Her voice was low, as if confiding in him. "But if we send out one team for all twelve Zodiac…well, it's like your Datrev. You learn how the Zodiac behave, how they live. What you can expect when you fight them. It's like blood-throat fever, Kuro. You survive it once and it can never come close to killing you again." Then, dryly, "That is, of course, if you can survive it in the first place."

"I see."

That smile again. It was almost patronising now. She was humouring him. "I'm sure." She ground her cigarette in one motion into the ashtray by her typewriter. "So, we've decided that you are most capable of the task."

A warning twinge in his stomach. "Task?"

Her eyes were flat, hard. "Why, recapturing the awakened Zodiac, of course."

_Why, recapturing the awakened Zodiac, of course._

For a moment, it was as if she had never spoken. As if he had imagined it. "Me?" he demanded. "You mean my unit, of course."

"No. I mean you."

That was a blow. "Dir…Director, I-I've had no training for something like this."

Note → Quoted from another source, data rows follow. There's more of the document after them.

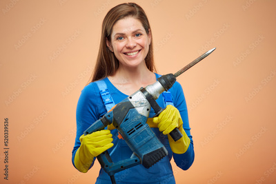 woman in blue overalls holding punching machine. Isolated female portrait.
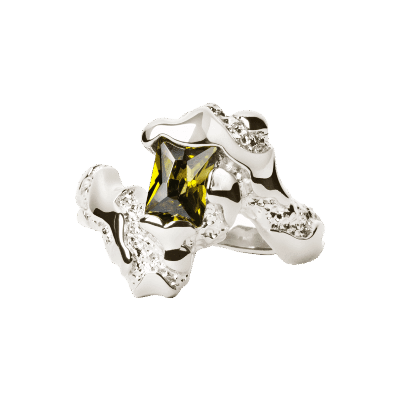 Den grønne sten tilfører et frisk pust af farve, som elegant kontrasterer det kølige sølv og giver ringen sit karakteristiske udtryk.
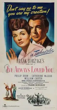 I've Always Loved You is a 1946 American Technicolor drama film produced and directed by Frank Borzage and written by Borden Chase. The film stars Philip Dorn, Catherine McLeod, William Carter, Maria Ouspenskaya, Felix Bressart and Elizabeth Patterson.[3][4][5] Rare for a film produced by Republic Pictures, I've Always Loved You is a high-budget prestige production with an A-list director in Borzage.[6]
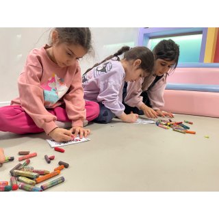 🌸 ایستگاه دوم یعنی مسی پلی بچهها کاغذ رولی را با آبرنگ شکلهای مختلف کشیدند از جمله خرس🐻 و طرحهایی که خودشان دوست داشتند🖌️🎨
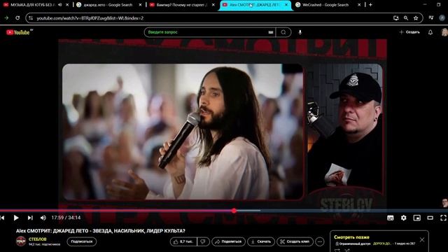 Джаред Лето - Вампир? Почему он не стареет ? В чём секрет молодости? Лидер культа потребляющий гаввах, секс и деньги? В этом ролике я обсуждаю ниже следующие ролики и сериалы: 1) ролик - Вампир? Почему не стареет Джаред Лето? В чём секрет молодости? 2) ролик - Alex СМОТРИТ: ДЖАРЕД ЛЕТО - ЗВЕЗДА, НАСИЛЬНИК, ЛИДЕР КУЛЬТА? 3) Сериал - Не сработало (2022) ======================== Дисклеймер: Данное видео создано только с целью развлечения и автор не преследует цели никого оскорбить или унизить. Все сказанное является только личным субъективным мнением - сплетни, фантазии и рассуждения автора.
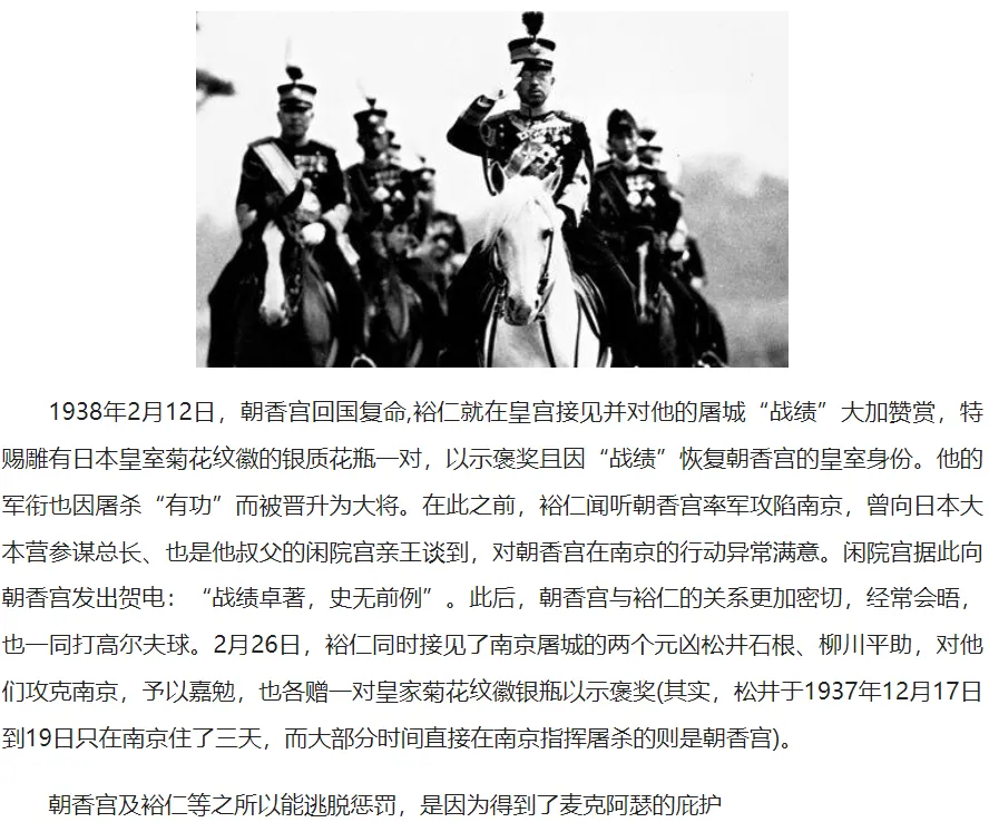 1937年12月14日,为勉励攻占南京的日军,裕仁天皇面谕:“中国方面陆海军各部队,在上海附近作战持续勇猛果断,乘胜追击,使(中国)首都南京陷落,我很满意。此旨传达给全体将士们。”朝香宫鸠彦王迎来了人生的“辉煌”。
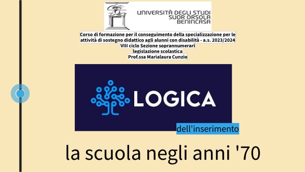 Gli anni 70 hanno segnato un cambiamento epocale nella storia della scuola italiana e dei servizi educativi della prima infanzia e non solo. In quell’anno infatti il nostro parlamento approvò provvedimenti ancora oggi di fondamentale importanza: la legge 1044 riguardante gli asili nido, la legge 820 istitutiva del tempo pieno nella scuola elementare, la legge 118 che avviò il processo dell’inserimento scolastico degli alunni “handicappati” nelle classi comuni, indicando una strada mai sperimentata in nessun altro Stato, passando per la commissione Falcucci e l'importante documento che ne derivò fino alla legge517. In questo viaggio nella storia della legislazione ci occuperemo di questo profondo cambiamento.
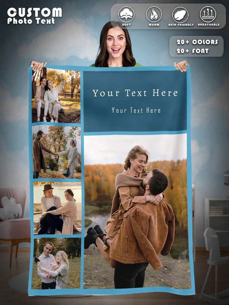 1pc Customized Photo Blanket , Personalized Photo Blanket
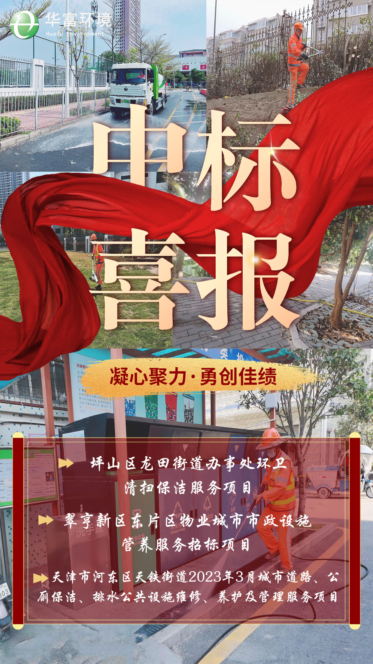 烟花三月,生机盎然,91免费下载安装环境喜报频传,凭借深耕环卫行业三十年的雄厚综合实力,成功中标“坪山区龙田街道办事处环卫清扫保洁服务项目”、“天津市河东区天铁街道2023年3月城市道路、公厕保洁、排水公共设施维修、养护及管理服务项目”、“翠亨新区东片区物业城市市政设施管养服务招标项目”。
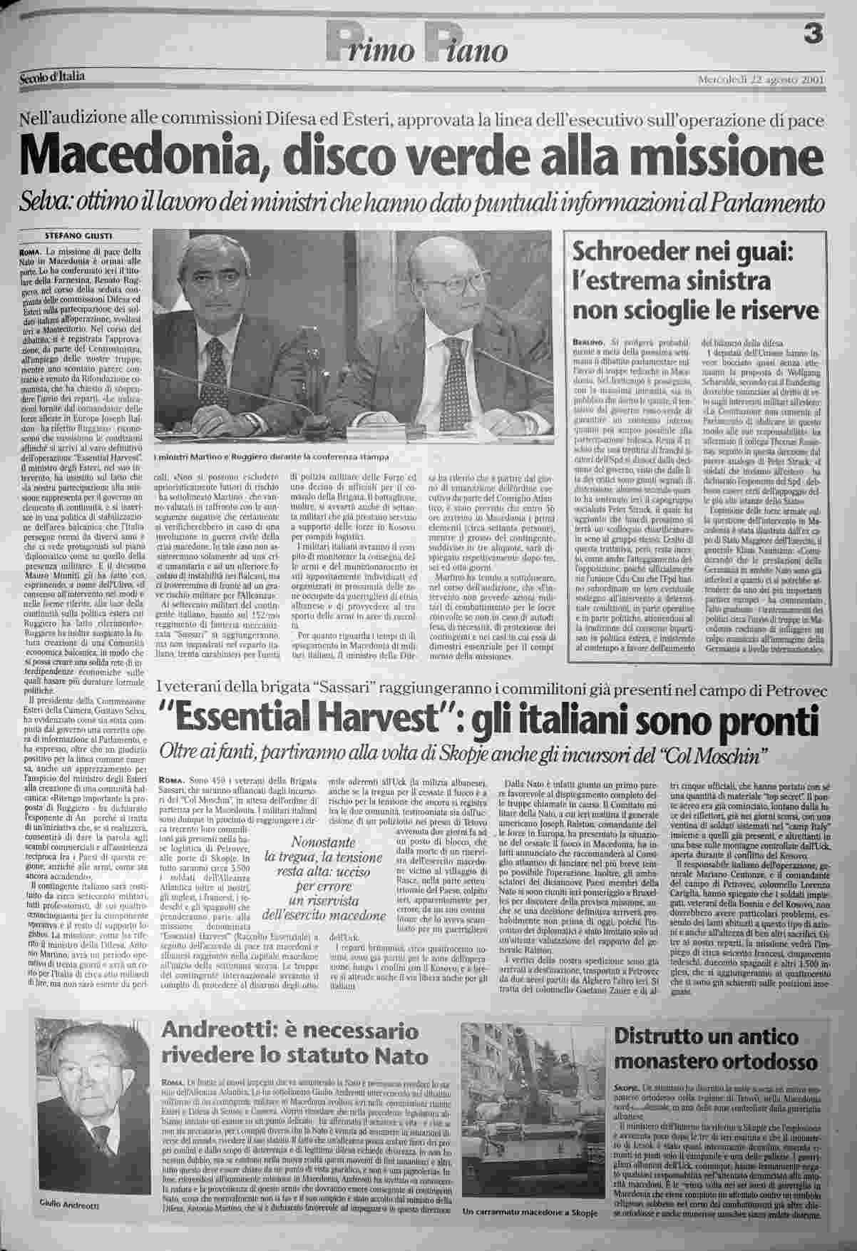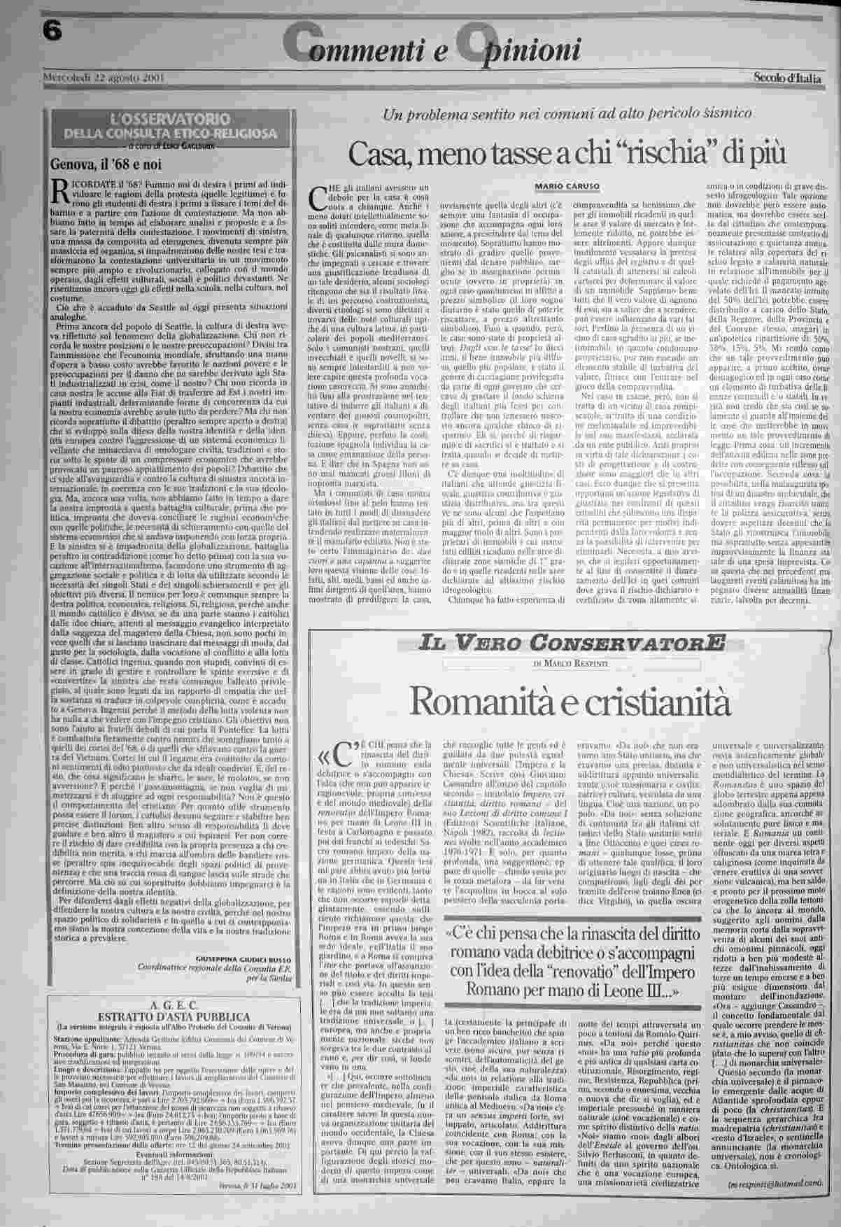 mercoledì 22 agosto 2001

"You've gone through training just like everyone else," she said lazily. "And surely you know that you are one of our best."

"I…I don't mean to be contrary," he said carefully. "But I…you're sending me_ alone_. I only mean that…well, others of my rank have many more years on me. Nakaura."

"No, Kuro…" 

"Yaksa," Kuro said desperately. "Kuga. Anyone! Director, I…" He slouched over and rubbed little concentric circles below his eyes. He took a breath. "Surely you know I'm the newest of anyone in my rank. I'm inexperienced."

"Hmm." She pulled out his folder. "One could argue that; your records are impressive."

"Records," he said disgustedly. "They mean nothing."

"The Chimera," she reminded him. "Does your help in that case mean nothing?"

"Oh, the whole business was a series of fortunate messes," he replied. "Surely, you can't wave that case in front of me and tell me that I'm competent."

She seemed suddenly tired of him. "Well, competent or not, you're assigned to the case." She threw the folder onto her desk and papers sprayed out of it. "So I suggest you start researching the Zodiac before you're deployed, hmm?"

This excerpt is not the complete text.